Theme Development Overview

Hyvor Blogs themes are fully customizable. If you have some experience with HTML, CSS, and Javascript, you can easily build your own theme from scratch. This page is an overview to help you get started. All official themes are in the hyvor-blogs-themes repository. Feel free to review the source code of the other themes.

Here's some of commonly used terms in this documentation:

Themes Rendering in Hyvor Blogs
Rendering in Hyvor Blogs



To start theme development, it is essential to understand how Routes work in Hyvor Blogs. Routes are blog-level configurations, which means they are configured by the blogger. Hyvor Blogs comes with default routes that are usually enough for a simple blog.

Before continuing, we recommend you to read our Routes guide to fully understand how routes work.

Single CSS File

There is only a single CSS file in the blog, styles.css.


Flashload is added to all blogs by default. Therefore, it is important to keep Flashload in mind while designing themes. Please take a minute and read the Flashload documentation to get the idea of how it works.

Why Flashload? Browser reloads are slow. They load the same CSS/JS resources multiple times making page rendering slower. Flashload starts loading other pages even before the user clicks the link. It makes navigation smoother. It simply turns the blog into a Single Page Application (SPA)!

We previously learned that there's only one styles.css for a blog that contains all CSS of the blog. This styles.css should be loaded inside the <head> of the page. When the user navigates to another page, Flashload sends an AJAX request to that path and pre-fetches the HTML page. Then, it updates only the <body> part. (Remember, we already have all CSS loaded in the first request, so we don't want to load it again).

The simple rule is to add shared resources of the blog to <head>.


Another important behavior of HB is that we use caching EXTENSIVELY. We use a technique called first-request-caching.

When using a cache, clearing cache is the most important thing. We have to make sure outdated content is not delivered when something changes. Here are the events that we clear cache for each scope.


Caching makes the blog super fast. However, it puts some limitations to theme development. You can't render dynamic data like "current date" using Twig. Due to cache, users may see an old date. If absolutely required, you have to use Javascript to render dynamic content inside user's browser. However, displaying the "publish date" of a post works fine because we clear cache whenever the post is updated. Also, displaying the current year will work, because we will make sure to clear the cache on the 1st of January.

Starting Development

Let's set up your local development environment.

For the next steps, you need Node.js (and npm).

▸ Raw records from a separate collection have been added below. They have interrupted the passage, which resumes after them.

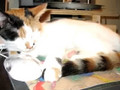 Chewy wants to play with the cat but she just wants to chill so chewy eventually abides.
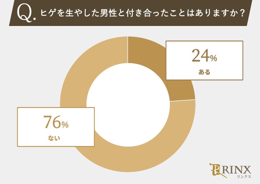 ヒゲなし派の252人への「ヒゲを生やした男性と付き合ったことはありますか?」という問いには、「ない」と回答した割合が76%、「ある」と回答した割合は24%(20代:19%、30代:26%)でした。
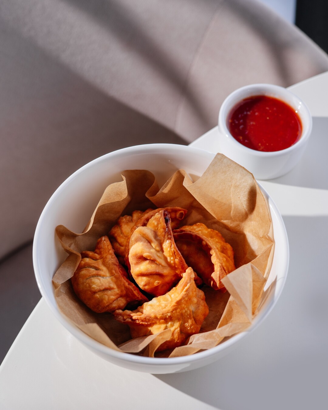 В премиальном ресторане люксовый лоск навели даже на чебуреки, сделав эдакий гастрономический каламбур. В начинке у них камчатский краб, конфи из лука порей со сливками, тимьяном, рыбным бульоном и белым вином, а подача с соусом из манго.
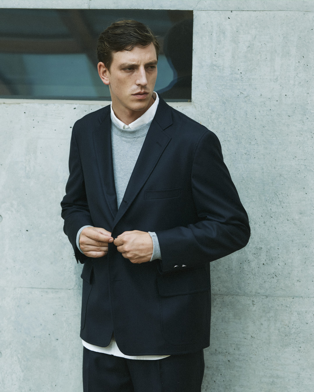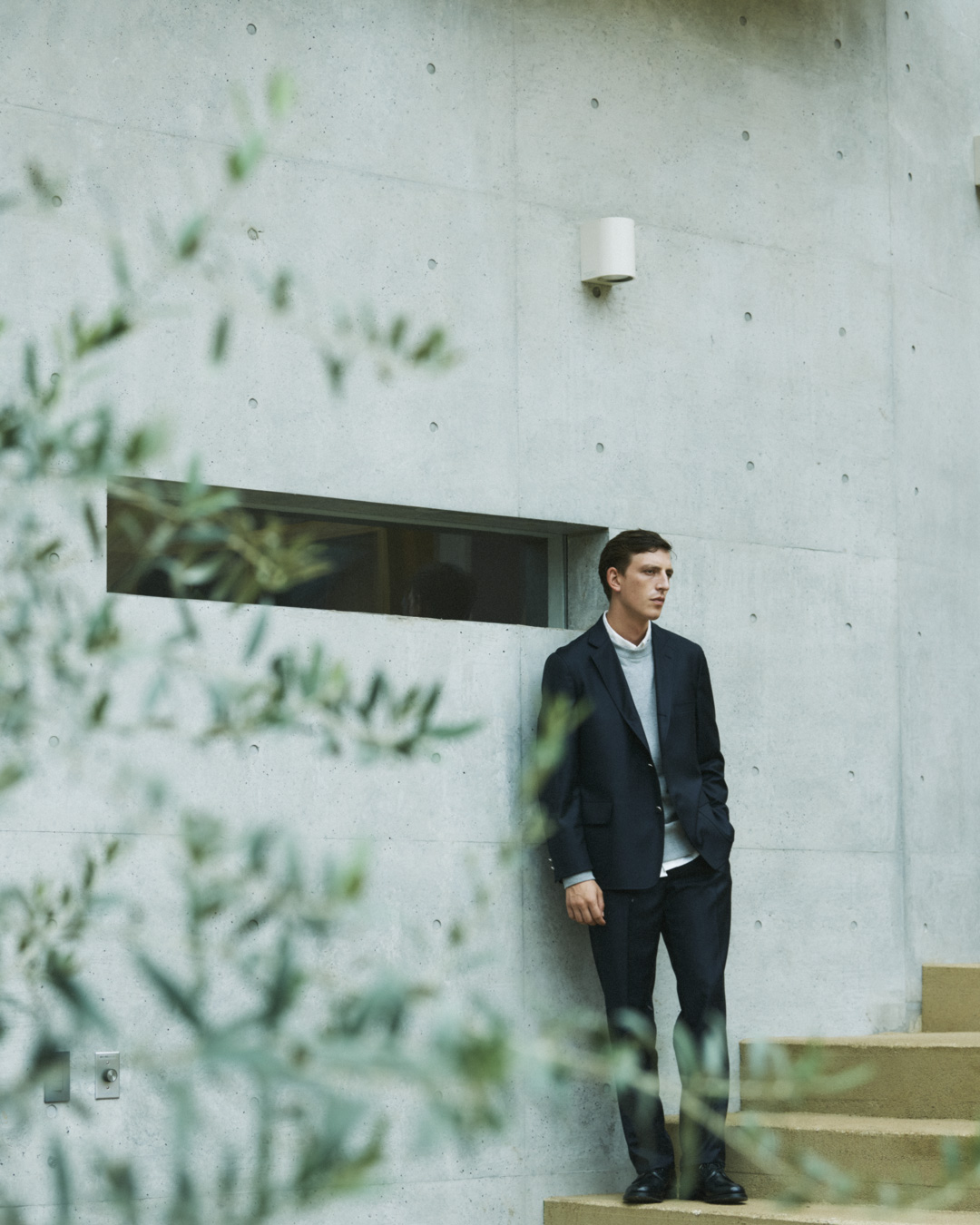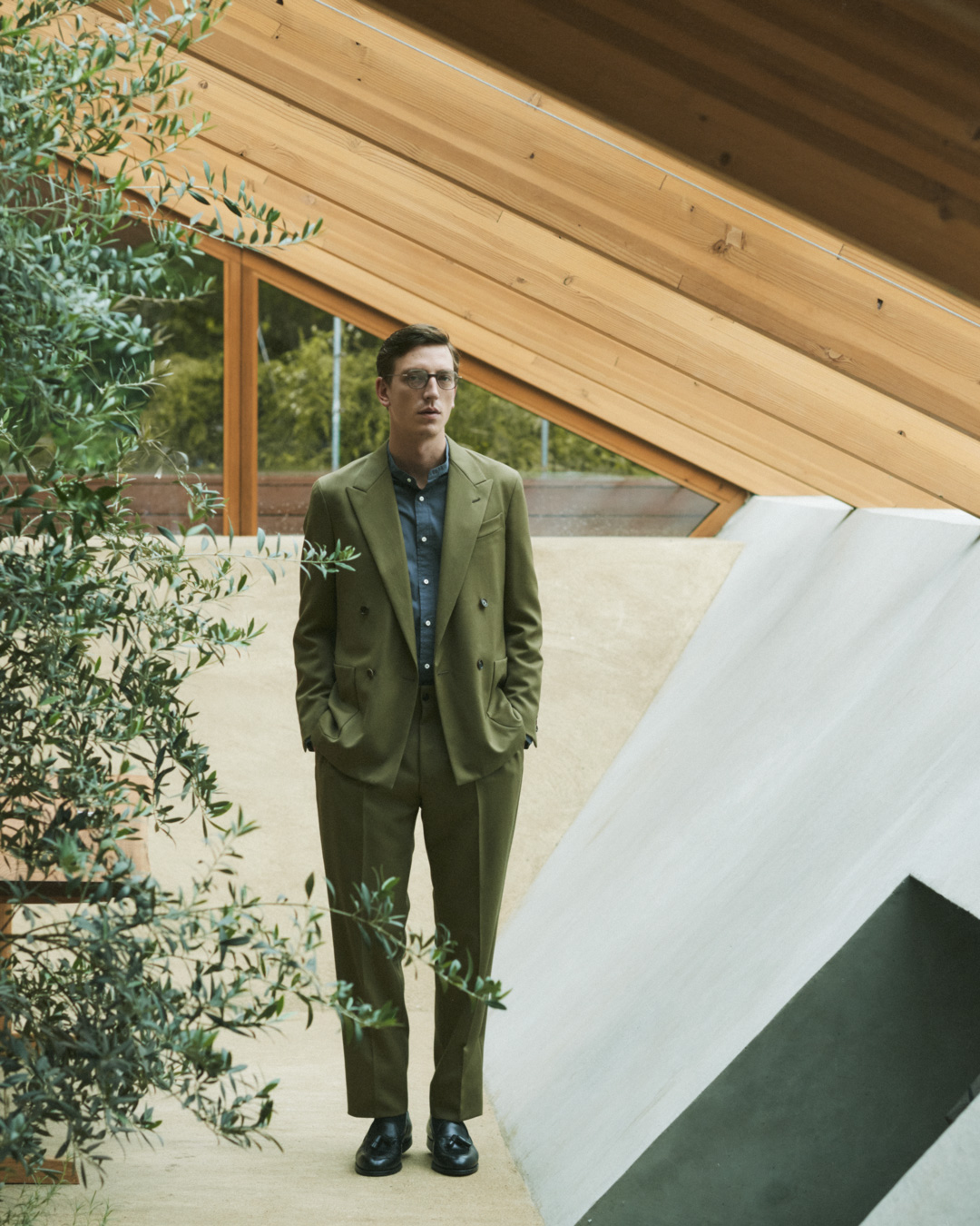 セットアップダブルのジャケット。だけど、デ・ニーロみたいなグラマーなやつじゃなく、普段着にちょうどいい軽やかさ。クラシコ好きのイットブランドにあえてコンテンポラリーな1着をオーダーしたもので、羽織るだけでもサマになる。別売りのパンツは2種類の形が揃い、ここで合わせたのは太めのタイプ。それぞれ単体でも活躍しそうだけど、やっぱり上下セットで着たくなる。

As a front-end developer, we hope you already have it installed :)

npm install -g hyvor-blogs-cli
mkdir my-theme
cd my-theme
hyvor-blogs-cli init

This command will create the following folder structure inside your theme folder.


You can also manually create this folder structure, if you wish.


How it works: The hyvor-blogs-cli command runs two processes under the hood: (1) a http server that works similar to a reverse proxy using our delivery API, and (2) a process that watches your local file changes and syncs it with our production environment. So, whenever you add, edit, or delete a file within your theme folder, it will be synced with the theme files in your DEV blog.

Security Notice 1: Because all files in your theme directory are synced with our production system, never add any confidential files there.

Security Notice 2: Do not share your DEV subdomain publicly. It will allow other users to change theme files in your DEV blog. If you are using GIT for versioning, make sure to add .env to .gitignore.

Folder Structure

As you see, there are four folders in a HB theme folder. Nested folders are not supported.


The root folder contains config files. See configuration.